The speaker summarized the change in contributions and said: "contributions were 3% based on your salary to up to 6% for the highest salary employees. Now it changes from 3% to 5.75% for the highest salaried employees," and added that the shift is more significant in middle salary ranges. The speaker gave a salary band example, saying employees earning between $55,000 and $100,000 will see the most notable change. The speaker estimated someone earning $75,000 to $85,000 could take home about "15 to $1,600 more a year" due to reduced required contributions, and warned that "the gap then has got to be made up somewhere." The speaker also said overtime counted toward retirement increased from "$22,000 to $30,000 a year," which he said will affect public safety (sheriff’s road patrol, corrections) where overtime is common.
The speaker said the state "put some money aside to help the county" but that details were unclear and staff will meet with the treasurer's office to break down impacts by tier and produce numbers for the FY2025 budget cycle.

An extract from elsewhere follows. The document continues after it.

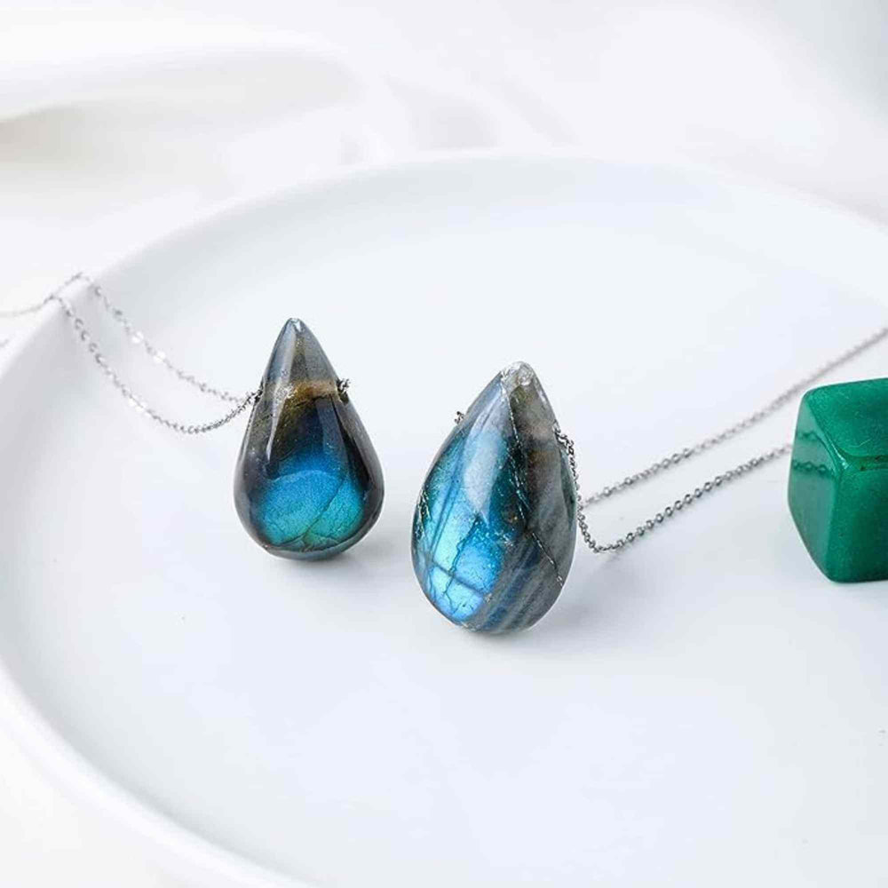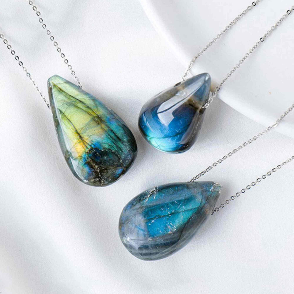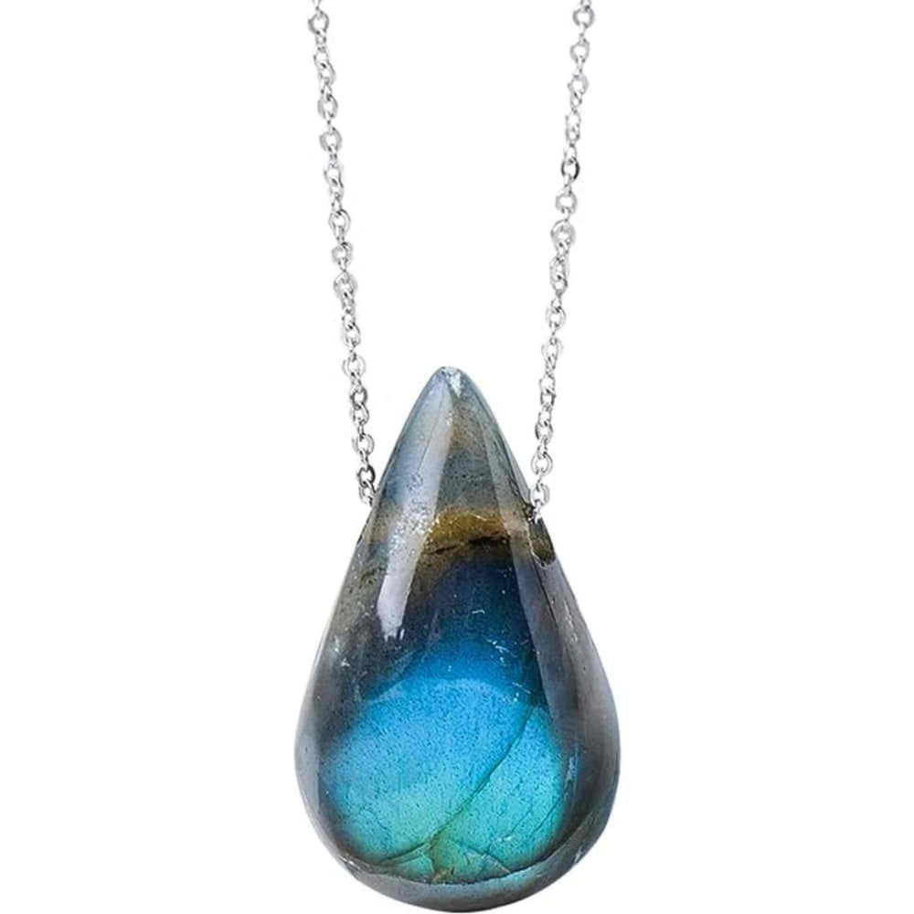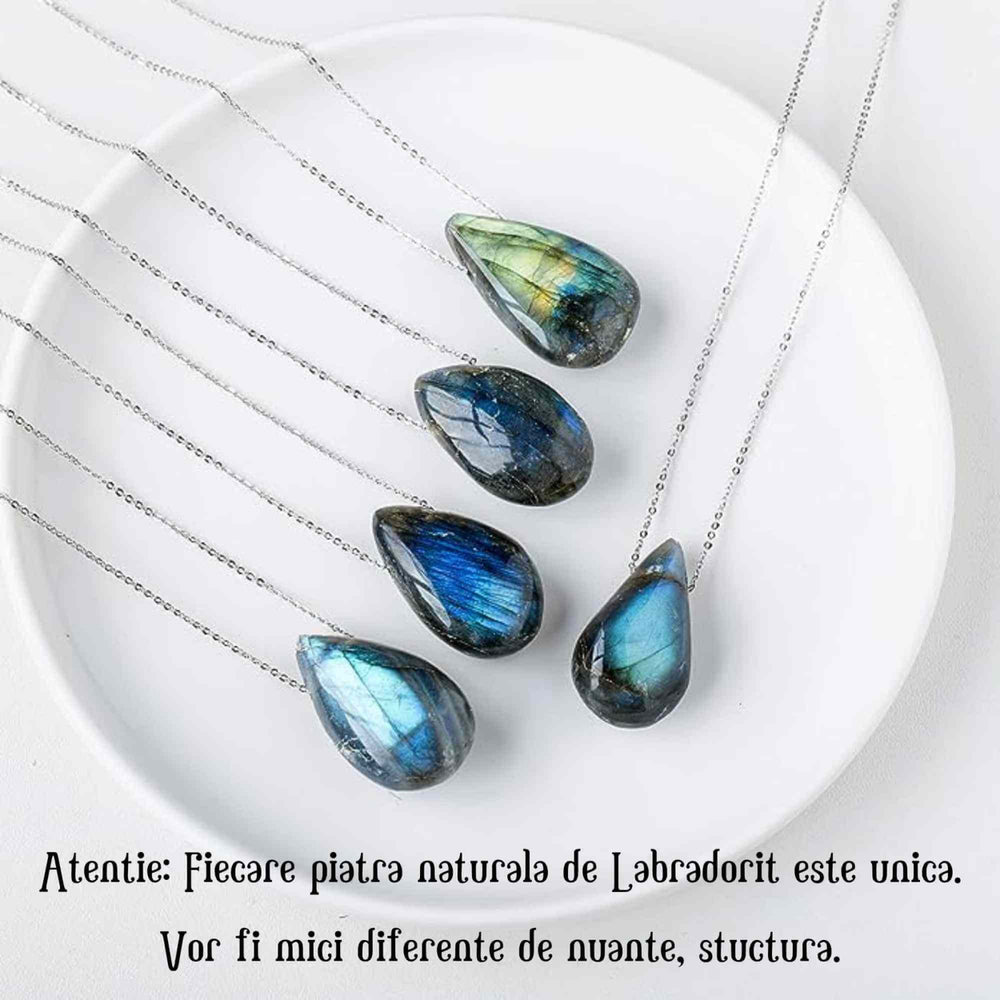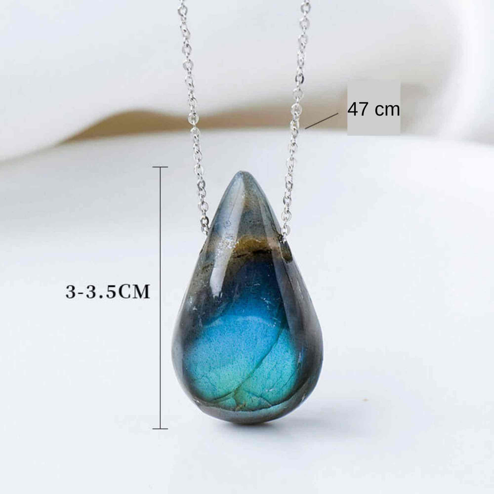 Colier metalic cu Pandantiv "Strop de ploaie" din Labradorit natural Amuleta Energetica Reiki pentru Barbati si Femei

The speaker expressed concern that school systems could face higher pension payouts if teachers can retire earlier under the new rules and that this could pressure property tax levies.
Why it matters: the county’s payroll and benefit costs feed into budget planning and can affect towns that share the retirement system, public safety staffing costs and school district tax levies. Board members hearing the briefing asked for follow‑up quantification; staff committed to further analysis.
Next steps: staff will meet with the treasurer to produce a tiered breakdown and report estimated budget impacts to the board ahead of budget deliberations.